▸ What you have to do: Retype nothing except the lines below from the one with "Blue Forest Hand Block Printed Waffle Towel" through the one with "Um 16:52 Uhr", exactly, with images left out.

▸ Given data:
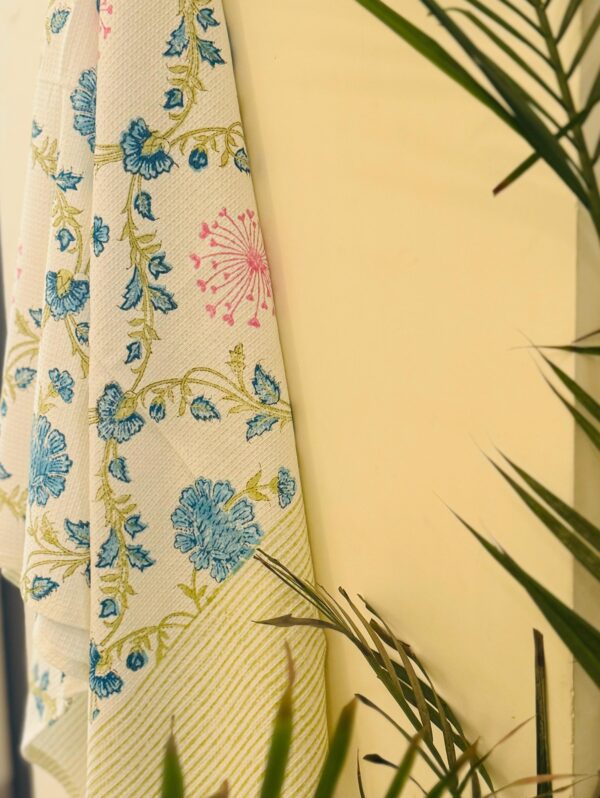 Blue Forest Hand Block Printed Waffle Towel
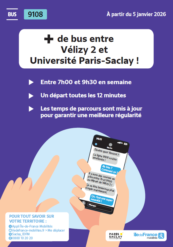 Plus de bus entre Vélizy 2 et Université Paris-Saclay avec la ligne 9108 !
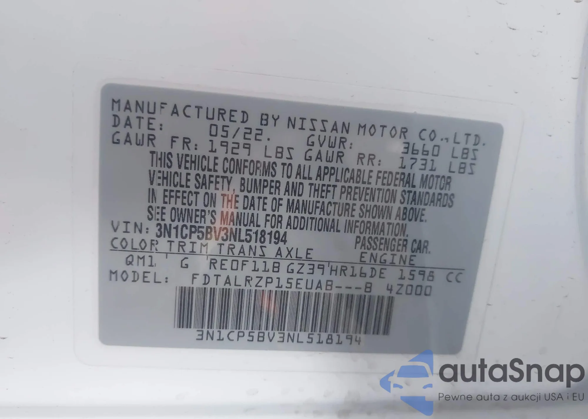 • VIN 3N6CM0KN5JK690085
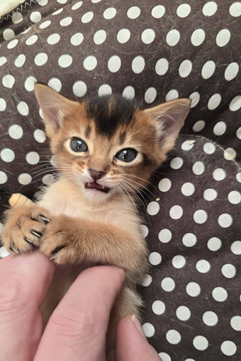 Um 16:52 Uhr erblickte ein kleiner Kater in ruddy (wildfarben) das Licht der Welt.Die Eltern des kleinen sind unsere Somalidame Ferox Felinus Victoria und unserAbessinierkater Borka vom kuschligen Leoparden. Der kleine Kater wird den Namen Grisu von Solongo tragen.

* * *

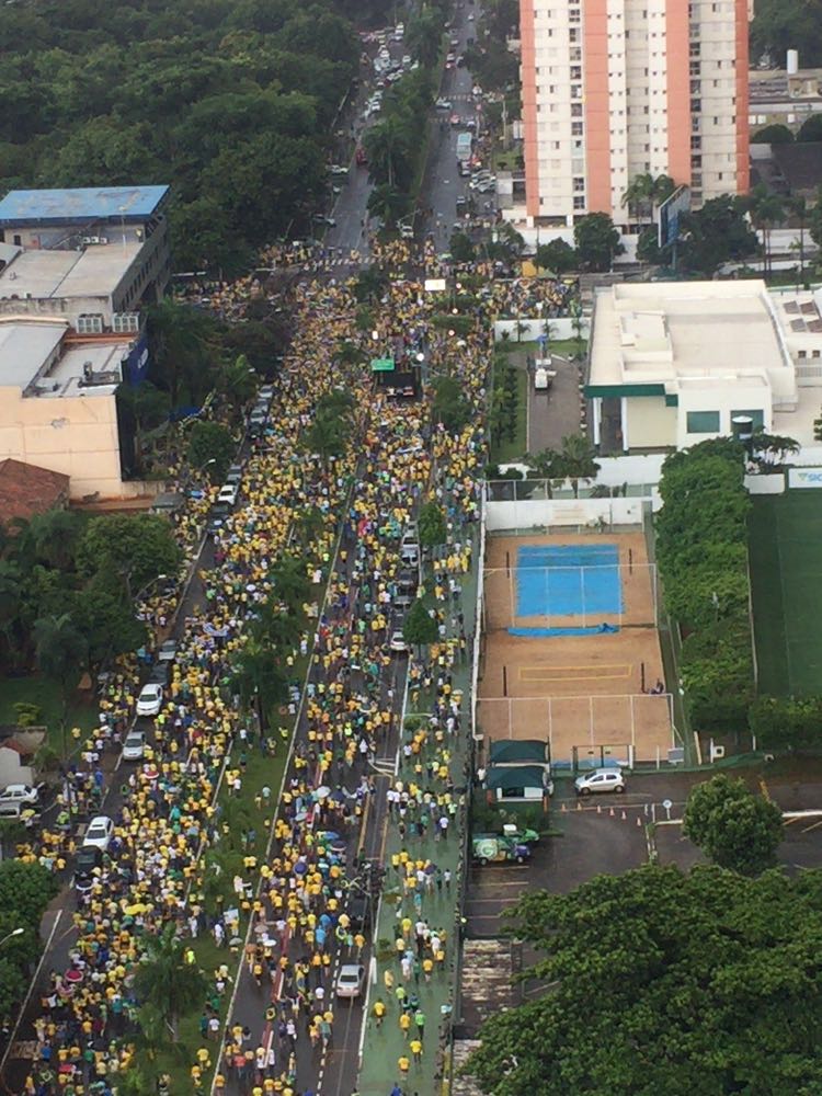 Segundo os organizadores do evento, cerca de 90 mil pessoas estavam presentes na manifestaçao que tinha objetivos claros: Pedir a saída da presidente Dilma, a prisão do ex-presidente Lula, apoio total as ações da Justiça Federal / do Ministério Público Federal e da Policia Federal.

▸ Response area:
 Blue Forest Hand Block Printed Waffle Towel
 Plus de bus entre Vélizy 2 et Université Paris-Saclay avec la ligne 9108 !
 • VIN 3N6CM0KN5JK690085
 Um 16:52 Uhr erblickte ein kleiner Kater in ruddy (wildfarben) das Licht der Welt.Die Eltern des kleinen sind unsere Somalidame Ferox Felinus Victoria und unserAbessinierkater Borka vom kuschligen Leoparden. Der kleine Kater wird den Namen Grisu von Solongo tragen.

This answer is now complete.